Pemkot Bandung menargetkan anak-anak sekolah sebagai kelompok prioritas dalam edukasi kesehatan, karena pembentukan kebiasaan makan sehat sejak dini dianggap langkah strategis untuk menekan risiko penyakit kronis seperti diabetes, hipertensi, dan obesitas di masa depan. Kampanye ini juga merupakan bagian dari komitmen Kota Bandung sebagai anggota jaringan internasional Partnership for Healthy Cities, yang berfokus pada peningkatan kualitas kesehatan masyarakat melalui kebijakan preventif dan edukasi publik.

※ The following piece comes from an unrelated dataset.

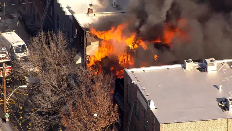 A number of row homes were involved in the three-alarm blaze. Three completely caved in and two were severely damaged, according to the Philadelphia Fire Department. Authorities had initially said at least two people were trapped after the roof of one home fell in.

Tujuan dan Pesan Utama Kampanye

Wali Kota Bandung Muhammad Farhan menjelaskan bahwa gerakan ini bukan sekadar kampanye sesaat, melainkan investasi jangka panjang bagi kualitas sumber daya manusia Kota Bandung. "Gerakan ini fokus pada anak-anak sekolah. Dari sinilah pendidikan kesehatan dimulai agar mereka tumbuh dengan kesadaran menjalani gaya hidup sehat sejak dini," ujar Farhan saat ditemui usai kegiatan pada Senin (2/3/2026).

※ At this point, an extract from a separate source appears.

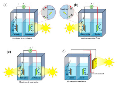 REDUÇÃO DE CO2 EM DISPOSITIVOS FOTOELETROQUÍMICOS Uma estratégia promissora para superar os problemas dos processos fotoquímico e eletroquímico é combiná-los num processo fotoeletroquímico.254 De modo geral, esse processo pode reduzir o consumo de energia elétrica em comparação com a redução eletroquímica do CO2, devido à reação espontânea conduzida pela energia solar no ânodo e/ou cátodo. Em comparação com a fotocatálise, pode-se alcançar eficiência muito maior na redução do CO2, já que o potencial externo aplicado conduz à separação do par elétron/buraco fotogerado no semicondutor, i.e., os elétrons são conduzidos para o cátodo, enquanto os buracos são concentrados no ânodo evitando a recombinação desses, de modo que a principal limitação da fotocatálise é superada.255-257 Assim, o processo fotoeletroquímico combina benefícios de ambos os processos e pode superar suas limitações. Os sistemas fotoeletroquímicos utilizados nas reações de redução de CO2, contém três eletrodos: eletrodo de referência, trabalho e contra eletrodo, esses dois últimos separados por membranas de troca iônica, podendo ser catiônica ou aniônica.256 Além disso, a configuração das células fotoeletroquímicas podem ser empregadas em 4 diferentes tipos, representados na Figura 9: (i) sistema utilizando fotoânodo e cátodo metálico; (ii) sistema utilizando fotocátodo e ânodo metálico; (iii) sistema utilizando fotocátodo e fotoânodo; e (iv) sistema utilizando eletrodos metálicos conectados a células fotovoltaicas, como os dispositivos multijunções (tipo Tandem), silício ou perovskita.256,258

"Anak-anak yang terbiasa mengontrol konsumsi GGL diharapkan memiliki pola hidup yang lebih sehat hingga dewasa."

Farhan menambahkan bahwa kampanye GGL menjadi bagian dari upaya pemerintah untuk meningkatkan kualitas kesehatan masyarakat kota, mengingat meningkatnya kasus penyakit tidak menular di kawasan perkotaan.

Dukungan dari DPRD Kota Bandung

Kegiatan ini juga dihadiri Ketua DPRD Kota Bandung Asep Mulyadi beserta jajaran Dinas Kesehatan dan Dinas Pendidikan Kota Bandung. Asep Mulyadi mengapresiasi langkah Pemkot yang mulai menaruh perhatian serius pada edukasi konsumsi pangan sehat bagi generasi muda.

"Apa yang kita lakukan hari ini akan berpengaruh besar dalam 20 sampai 30 tahun ke depan, terutama terhadap kualitas kesehatan masyarakat."

Ia menegaskan bahwa keberhasilan gerakan GGL tidak hanya bergantung pada partisipasi anak-anak di sekolah, tetapi juga membutuhkan keterlibatan keluarga. Orang tua memegang peran penting dalam membentuk kebiasaan makan anak di rumah, sehingga edukasi kepada orang tua perlu diperluas agar pola makan sehat dapat diterapkan secara konsisten antara lingkungan sekolah dan keluarga.

"Tanpa dukungan rumah tangga, pesan kesehatan dikhawatirkan tidak berjalan optimal."

Selain itu, DPRD Kota Bandung juga mendorong adanya kebijakan konkret untuk mengendalikan distribusi makanan tinggi gula, garam, dan lemak, khususnya di sekitar lingkungan sekolah. Asep menegaskan bahwa sosialisasi saja tidak cukup, dan perlu ada pengaturan agar lingkungan sekolah benar-benar mendukung pola hidup sehat.

Rencana Pengembangan Kampanye

Farhan menambahkan bahwa program edukasi GGL akan terus diperluas ke berbagai sekolah di Kota Bandung, sebagai bagian dari gerakan kesehatan masyarakat berkelanjutan. Tujuannya adalah untuk membuat budaya hidup sehat menjadi bagian dari kehidupan sehari-hari masyarakat, terutama generasi muda.

Kolaborasi lintas sektor antara pemerintah, sekolah, dan masyarakat dinilai sebagai kunci keberhasilan kampanye ini, agar pesan hidup sehat tidak hanya berhenti pada acara seremonial, tetapi dapat diterapkan secara berkelanjutan di setiap lingkungan.